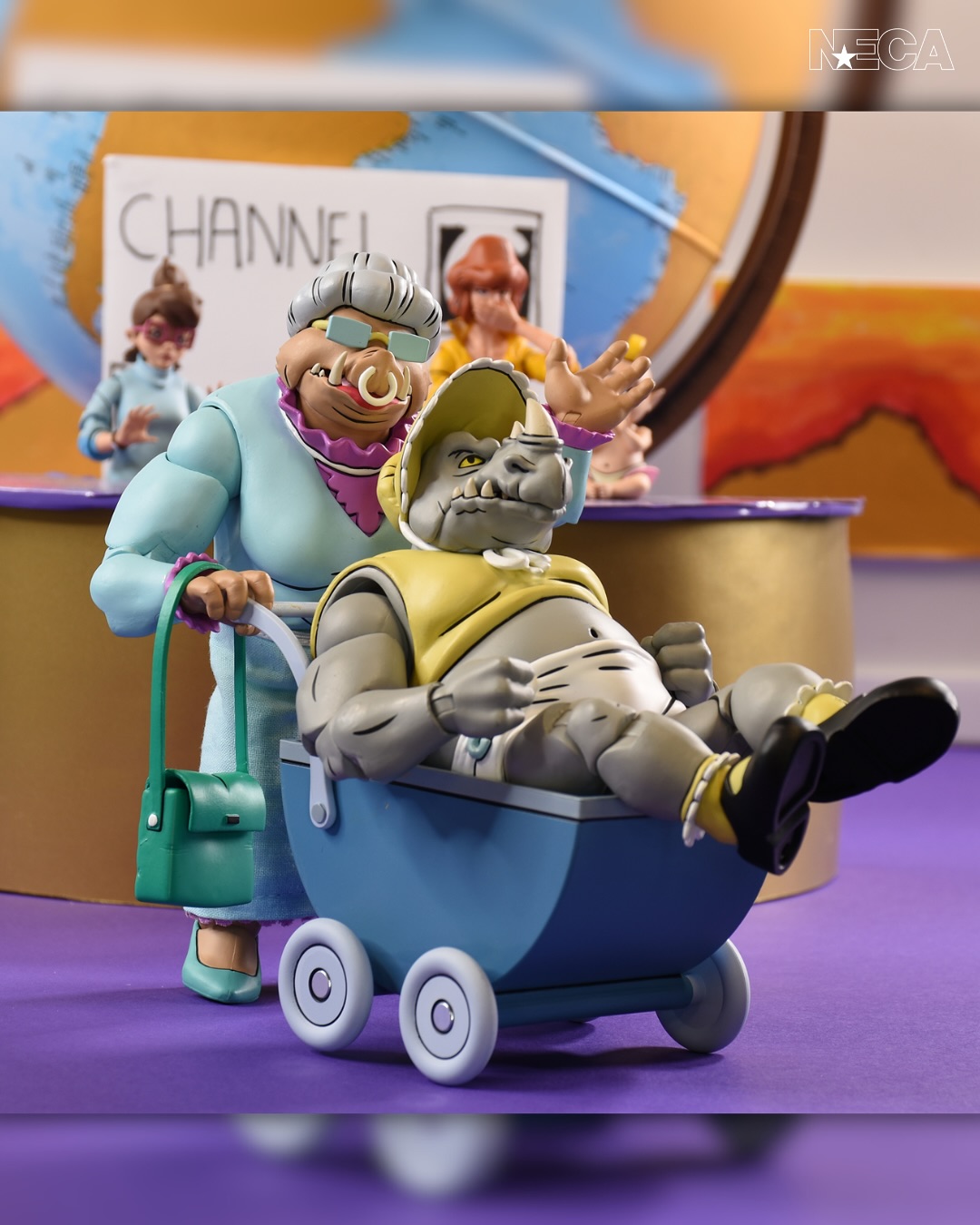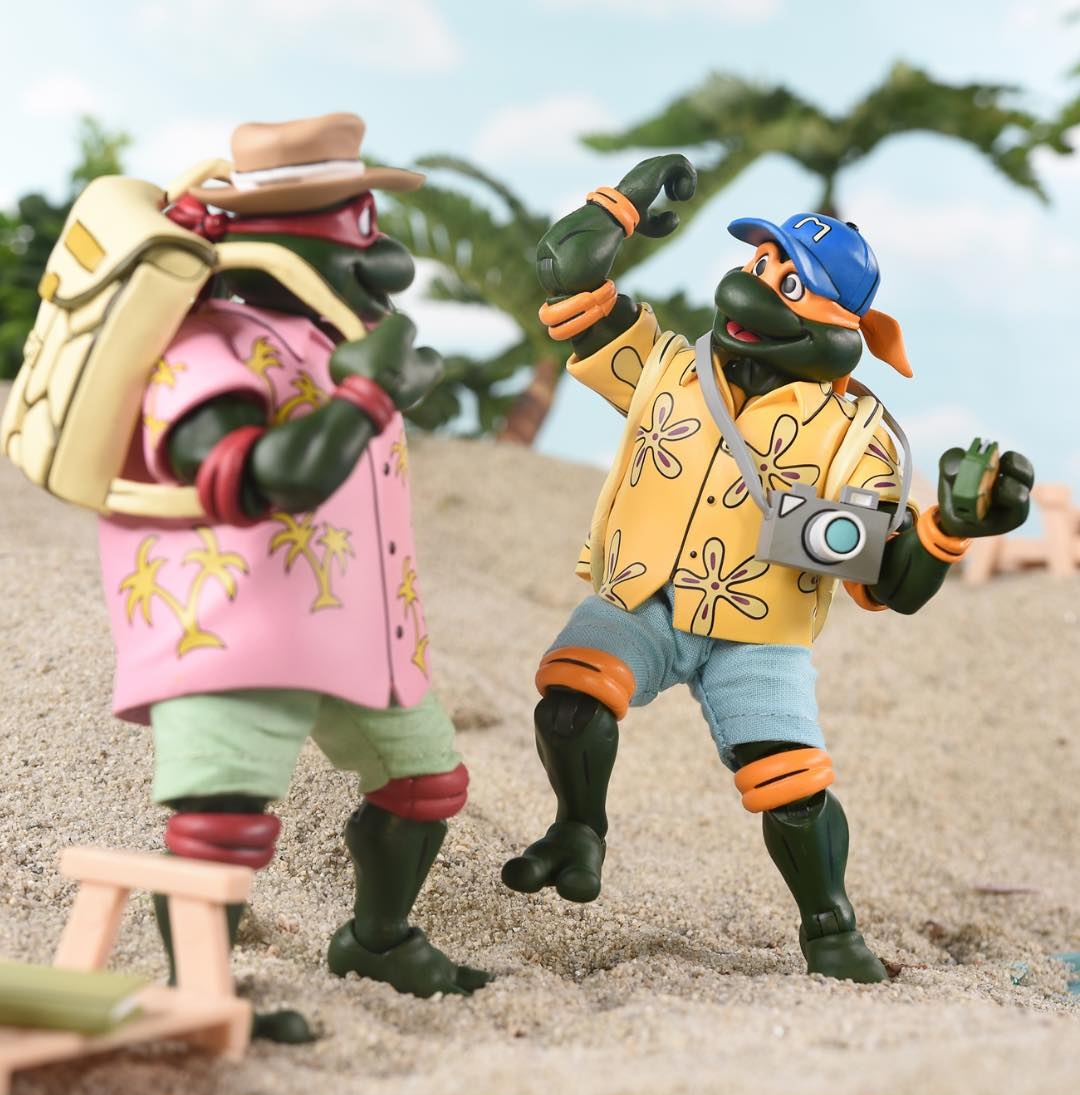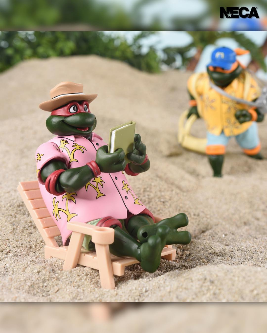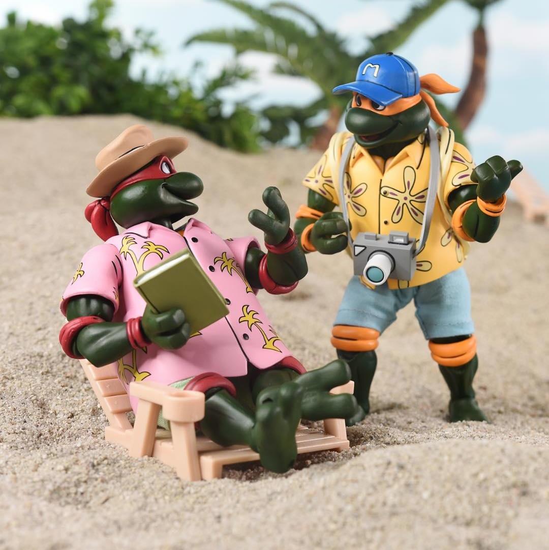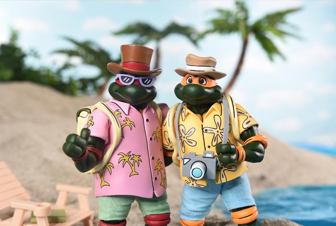 Hier soir, NECA a publié sur ses réseaux sociaux les images officielles de ses trois nouveaux packs qui composent la dix-septième wave de figurines TMNT original cartoon series. Composée de Vacation Leonardo & Donatello, Vacation Michelangelo & Raphael et de Granny Bebop & Baby Rocksteady, toutes ces figurines sont inspirées d’un moment du dessin animé.
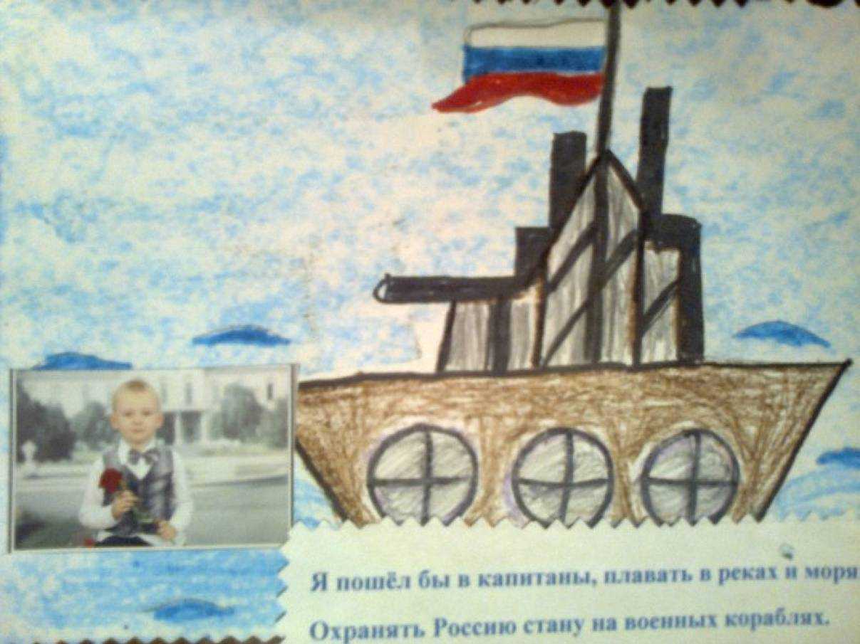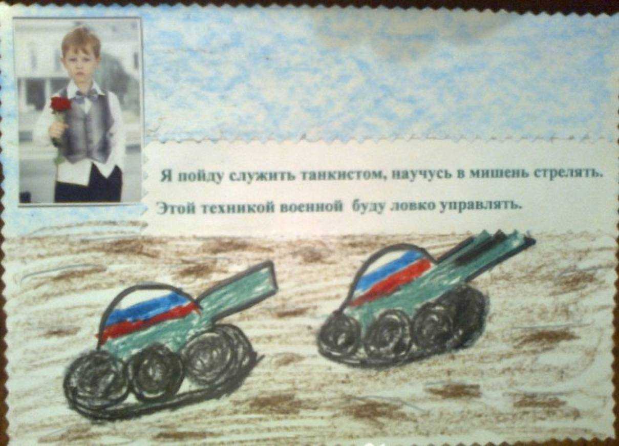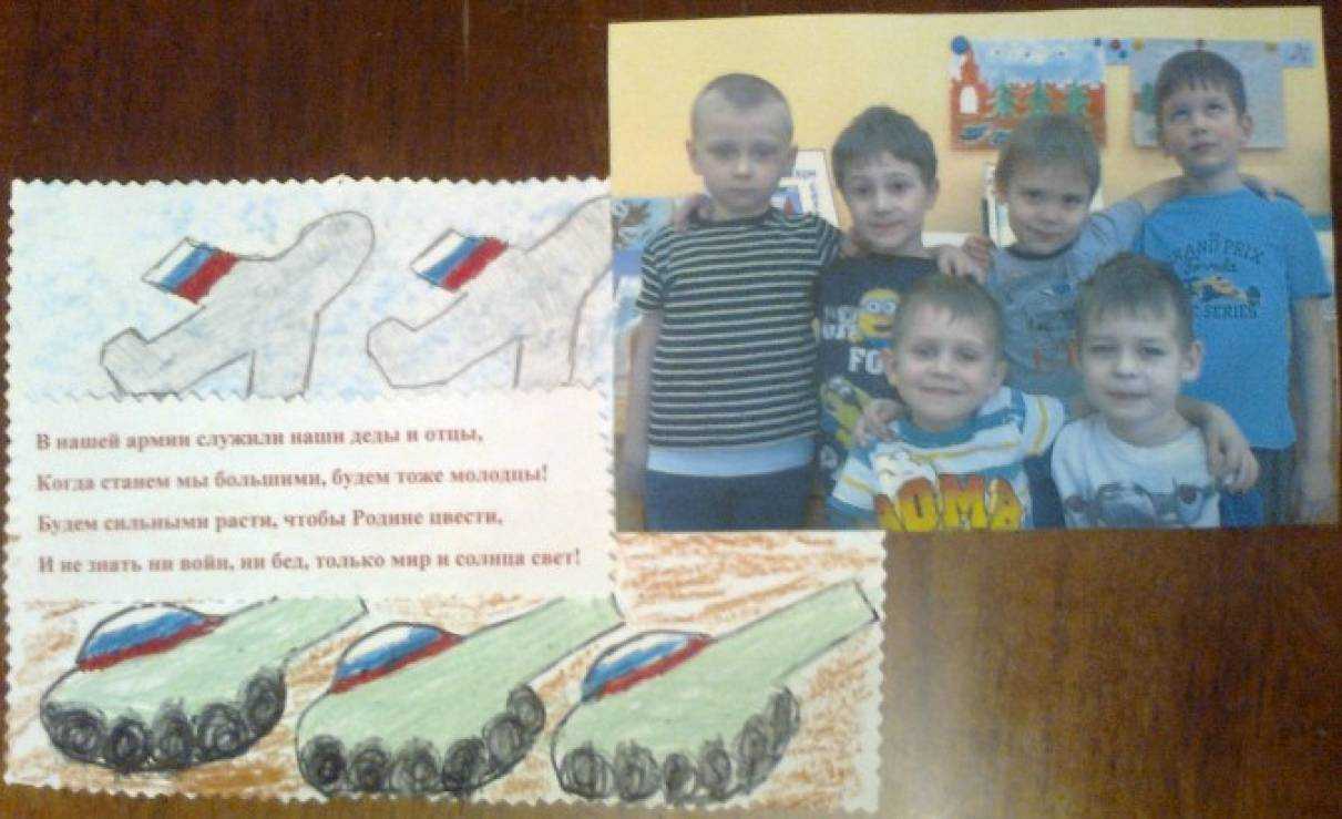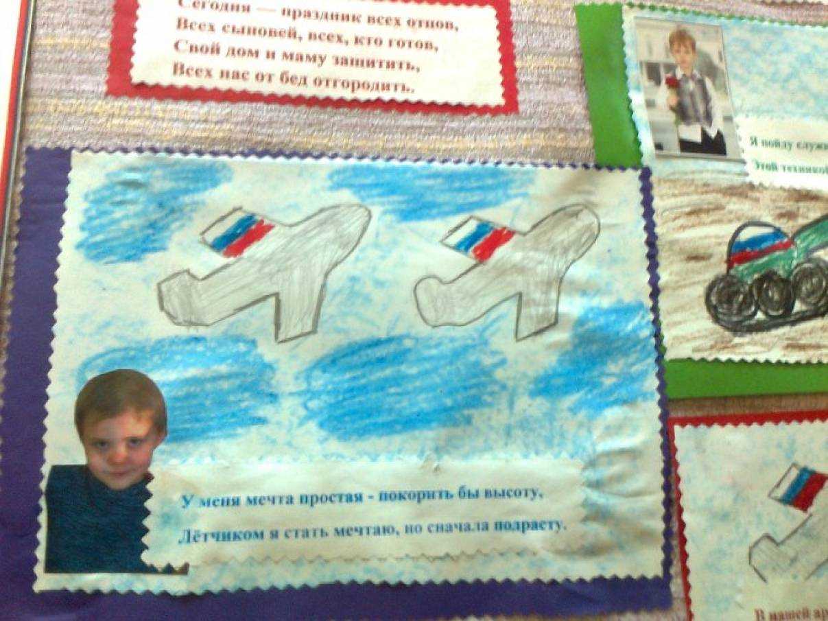 Ребята нарисовали, используя трафареты, военную технику: самолёты, танки, корабли. Мальчишки рисовали свои «мечты». «Мечты» ребят мы подкрепили их фотографиями и стихами, которые выучили к празднику.
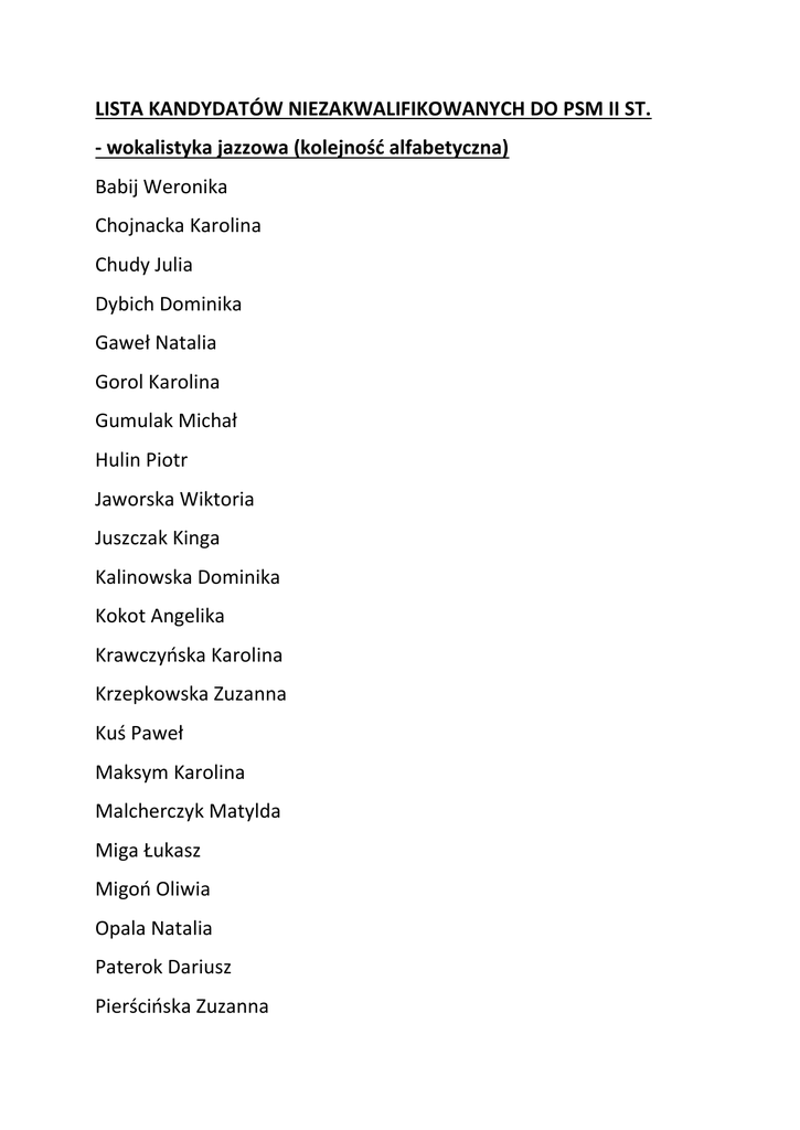 LISTA KANDYDATÓW NIEZAKWALIFIKOWANYCH DO PSM II ST. - wokalistyka jazzowa (kolejność alfabetyczna) Babij Weronika Chojnacka Karolina Chudy Julia Dybich Dominika Gaweł Natalia Gorol Karolina Gumulak Michał Hulin Piotr Jaworska Wiktoria Juszczak Kinga Kalinowska Dominika Kokot Angelika Krawczyńska Karolina Krzepkowska Zuzanna Kuś Paweł Maksym Karolina Malcherczyk Matylda Miga Łukasz Migoń Oliwia Opala Natalia Paterok Dariusz Pierścińska Zuzanna Pieter Alicja Pilarczyk Katarzyna Przybyła Wiktoria Roj Sara Seifried Katarzyna Skąpska Karolina Smykla Alicja Stryjewska Weronika Śniadek Weronika Toczek Małgorzata Torba Wiktoria Woszczyńska Aneta Zakrzewska Nikolina Zawadzka Daniela Ziomko Weronika nie zgłosili się Piekarczyk Aleksandra Solecka Weronika Ślusarczyk Aleksandra
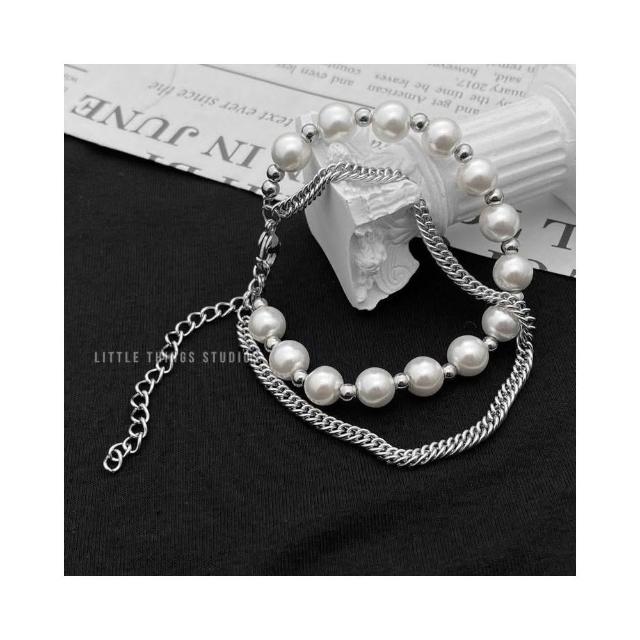 現貨 雙層疊戴 鈦鋼 珍珠 手鏈 疊戴 串珠 男 手鍊 SW019
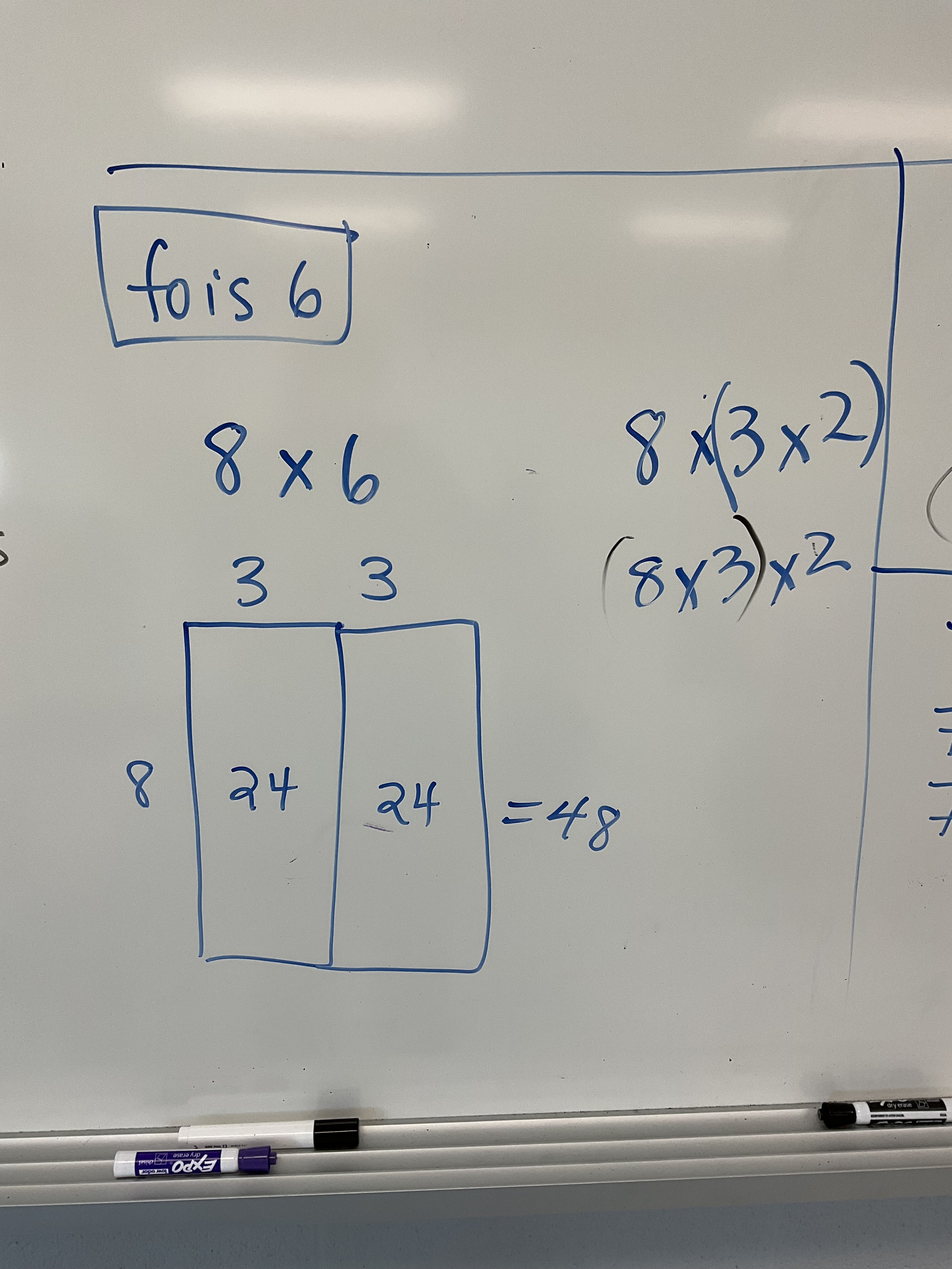 We looked at multiplying by 4 and by 8 using the associative property as well.

----------------

__What is required__.
Print the records verbatim, without pictures.

__Task answer__.
 Hier soir, NECA a publié sur ses réseaux sociaux les images officielles de ses trois nouveaux packs qui composent la dix-septième wave de figurines TMNT original cartoon series. Composée de Vacation Leonardo & Donatello, Vacation Michelangelo & Raphael et de Granny Bebop & Baby Rocksteady, toutes ces figurines sont inspirées d’un moment du dessin animé.
 Ребята нарисовали, используя трафареты, военную технику: самолёты, танки, корабли. Мальчишки рисовали свои «мечты». «Мечты» ребят мы подкрепили их фотографиями и стихами, которые выучили к празднику.
 LISTA KANDYDATÓW NIEZAKWALIFIKOWANYCH DO PSM II ST. - wokalistyka jazzowa (kolejność alfabetyczna) Babij Weronika Chojnacka Karolina Chudy Julia Dybich Dominika Gaweł Natalia Gorol Karolina Gumulak Michał Hulin Piotr Jaworska Wiktoria Juszczak Kinga Kalinowska Dominika Kokot Angelika Krawczyńska Karolina Krzepkowska Zuzanna Kuś Paweł Maksym Karolina Malcherczyk Matylda Miga Łukasz Migoń Oliwia Opala Natalia Paterok Dariusz Pierścińska Zuzanna Pieter Alicja Pilarczyk Katarzyna Przybyła Wiktoria Roj Sara Seifried Katarzyna Skąpska Karolina Smykla Alicja Stryjewska Weronika Śniadek Weronika Toczek Małgorzata Torba Wiktoria Woszczyńska Aneta Zakrzewska Nikolina Zawadzka Daniela Ziomko Weronika nie zgłosili się Piekarczyk Aleksandra Solecka Weronika Ślusarczyk Aleksandra
 現貨 雙層疊戴 鈦鋼 珍珠 手鏈 疊戴 串珠 男 手鍊 SW019
 We looked at multiplying by 4 and by 8 using the associative property as well.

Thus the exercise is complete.